The connection failed.

ERROR
CheckResult{isOk=false, errMsg='telnet dts-cn-hangzhou.aliyuncs.com:18009
failed, please check the network and if the brokerUrl is correct'}
(com.aliyun.dts.subscribe.clients.DefaultDTSConsumer)

The value of the brokerUrl parameter is invalid.

Enter valid values for the brokerUrl, userName, and password parameters. For more information, see Table 1 of this topic.

telnet real node *** failed, please check the network

The broker address cannot be redirected to the real IP address.

ERROR CheckResult{isOk=false, errMsg='build kafka consumer failed, error: org.apache.kafka.common.errors.TimeoutException: Timeout expired while fetching topic metadata, probably the user name or password is wrong'} (com.aliyun.dts.subscribe.clients.DefaultDTSConsumer)

The specified username or password is invalid.
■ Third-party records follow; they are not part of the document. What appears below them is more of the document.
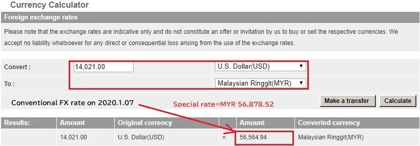 提示レートもそれ程悪くなく14,000 USD→56,844.20 MYRである。
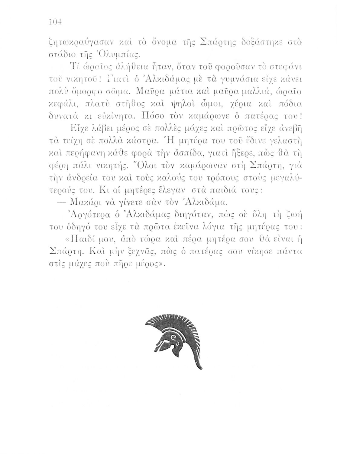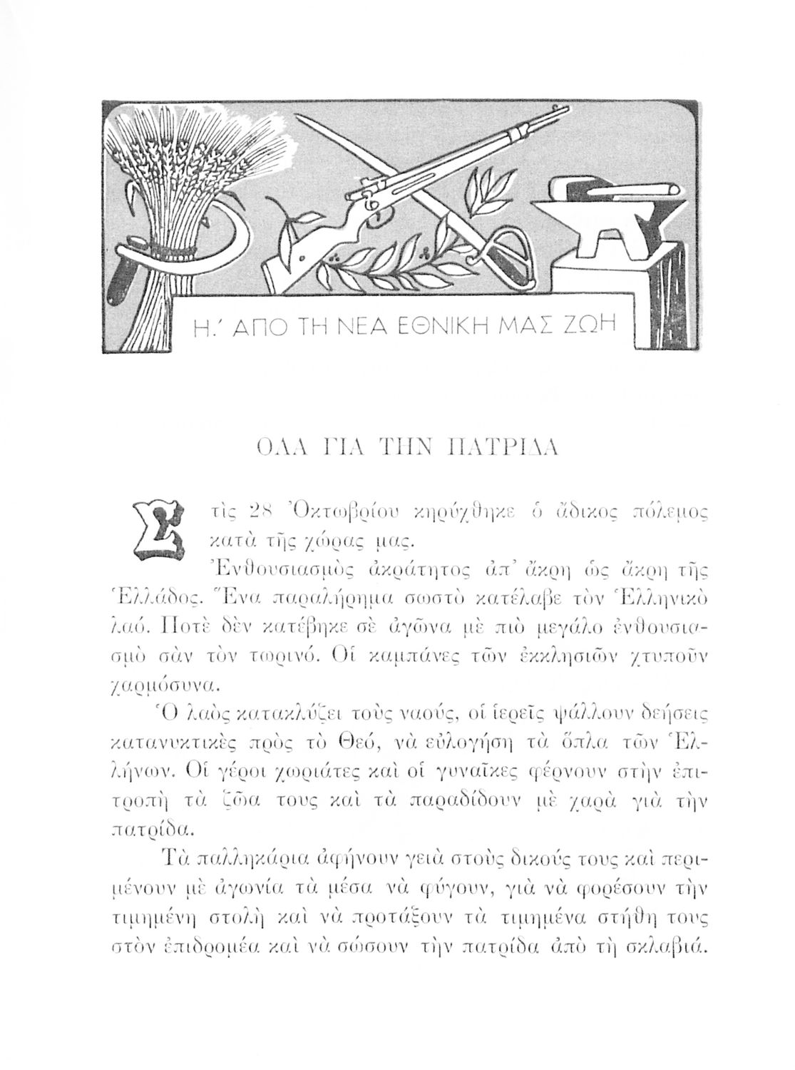 Αναγνωστικό Δ΄ Δημοτικού που περιέχει πεζά και ποιήματα εμπνευσμένα από την ελληνική ιστορία και μυθολογία, την κοινωνική ζωή και την ελληνική φύση.
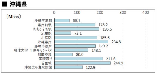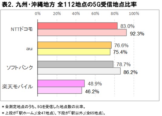 調査の結果、九州・沖縄地方 全112地点の下り通信速度は、NTTドコモが198.7Mbpsでトップ。ソフトバンク 193.4Mbps、au 171.0Mbps、楽天モバイル 55.4Mbpsと続いた。4社平均の下り通信速度の平均は、154.6Mbpsである。北海道・東北地方、中国・四国地方、中部地方ではいずれもソフトバンクが下り速度がトップであったが、九州・沖縄地方ではNTTドコモがトップであった。4社平均の下り通信速度については大きな差ではないものの、他のいずれの地方よりも速い結果となっている。
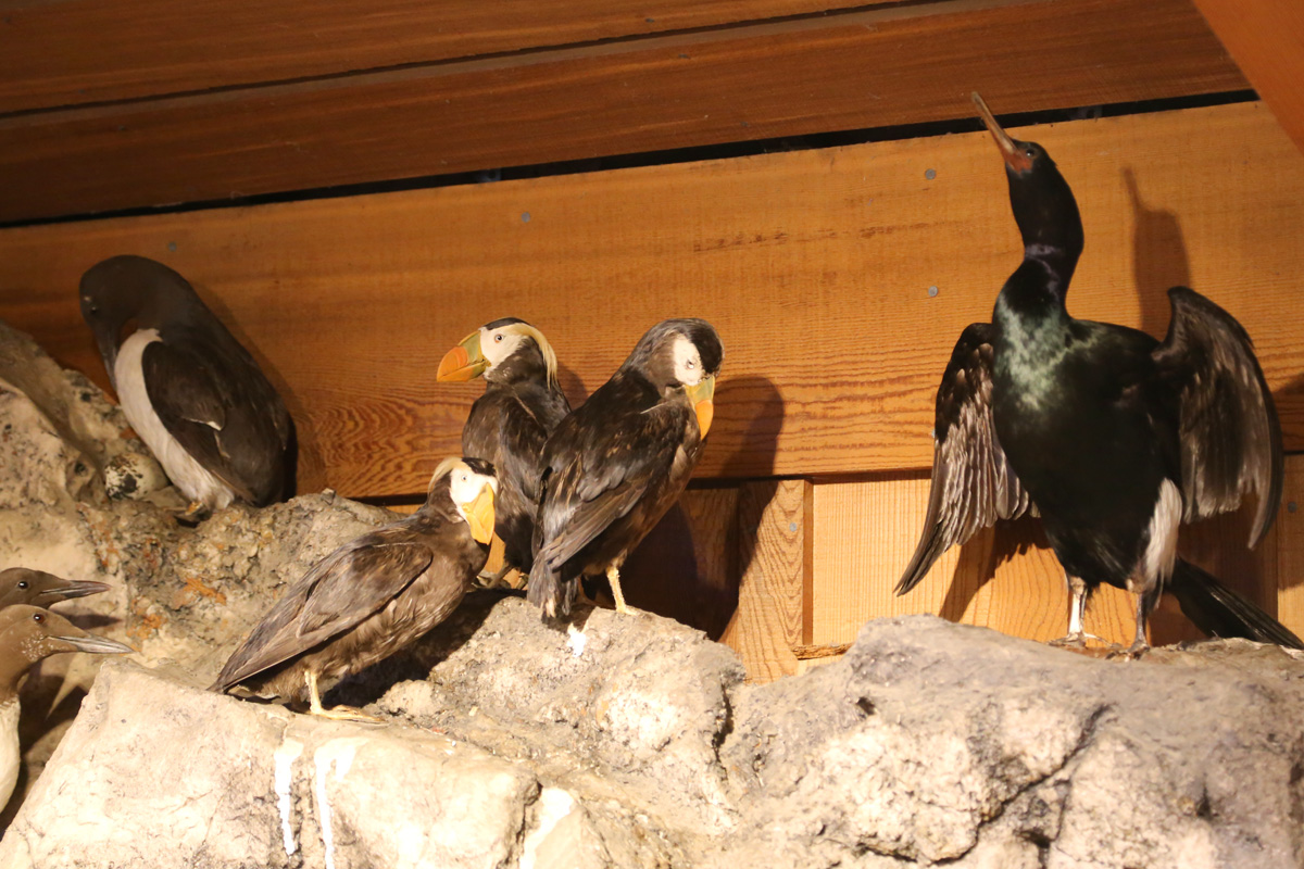 전시장 벽면의 바위 위에는 주황색 부리의 퍼핀(puffin)을 비롯한 바다새들이 가득하고,
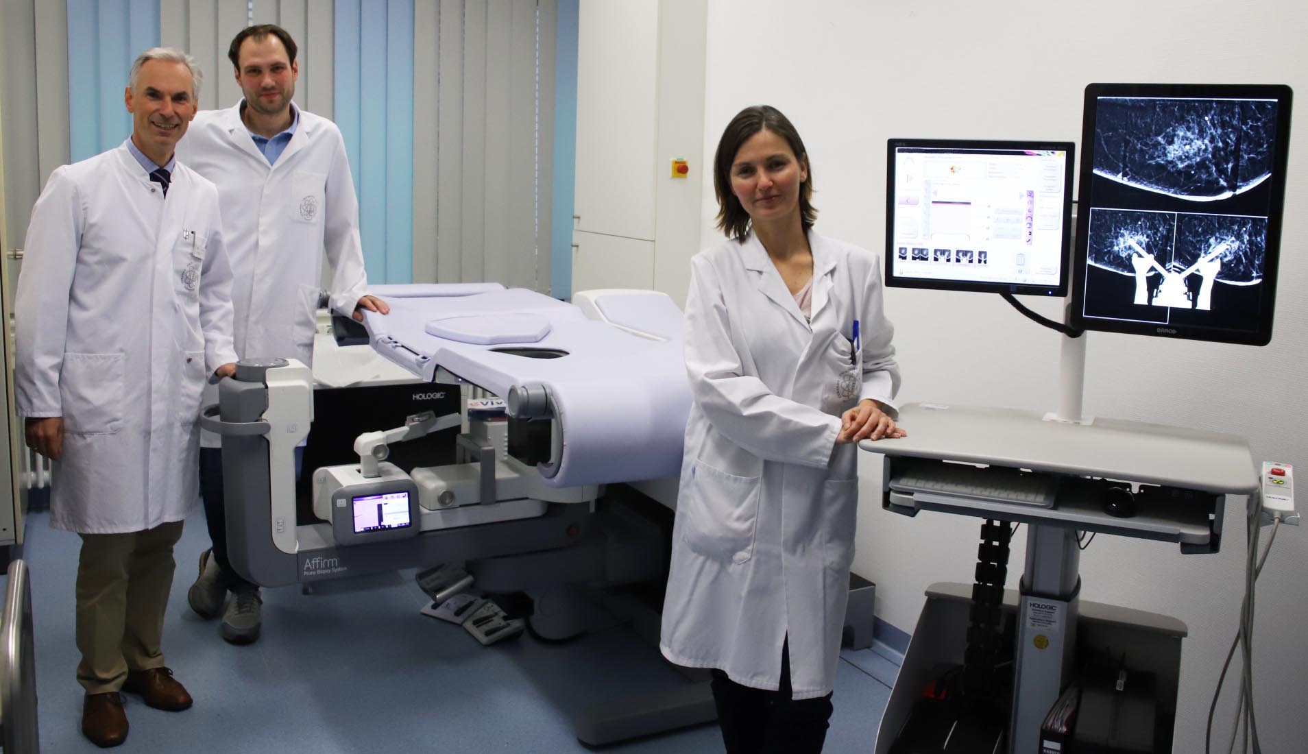 Um Läsionen der Brust, wie sie zum Beispiel bei Brustkrebs oder dessen Vorläufern auftreten, zuverlässig bestimmen zu können, werden im Bereich der diagnostischen Radiologie häufig kleinste Gewebeproben entnommen. Oftmals ist die Entnahme, eine so genannte Biopsie, jedoch für die Patientin nicht sehr komfortabel. Um diesen Prozess, etwa bei Vakuumstanzbiopsien, schneller, angenehmer und genauer zu gestalten, setzt die Klinik für Diagnostische und Interventionelle Radiologie des Universitätsklinikums Ulm seit dem Herbst 2018 einen Biopsietisch der neuesten Generation ein.

com.aliyun.dts.subscribe.clients.exception.TimestampSeekException: RecordGenerator:seek timestamp for topic [cn_hangzhou_rm_bp11tv2923n87081s_rdsdt_dtsacct-0] with timestamp [1610249501] failed

The setUseCheckpoint parameter in the consumerContext.java file is set to true, but the consumer offset is not within the data range of the change tracking instance.

Specify a consumer offset within the data range of the change tracking instance. For more information, see Table 1 of this topic.

The response time of data consumption increased.

N/A

  • You can analyze the cause by querying the DStoreRecordQueue and DefaultUserRecordQueue parameters. For more information, see Table 2 of this topic.

    • If the value of the DStoreRecordQueue parameter is 0, the rate at which the DTS server pulls data decreases.

    • If the value of the DefaultUserRecordQueue parameter is the default value 512, the rate at which the SDK client consumes data decreases.

  • Change the value of the initCheckpoint parameter in the sample code to reset the consumer offset based on your business requirements.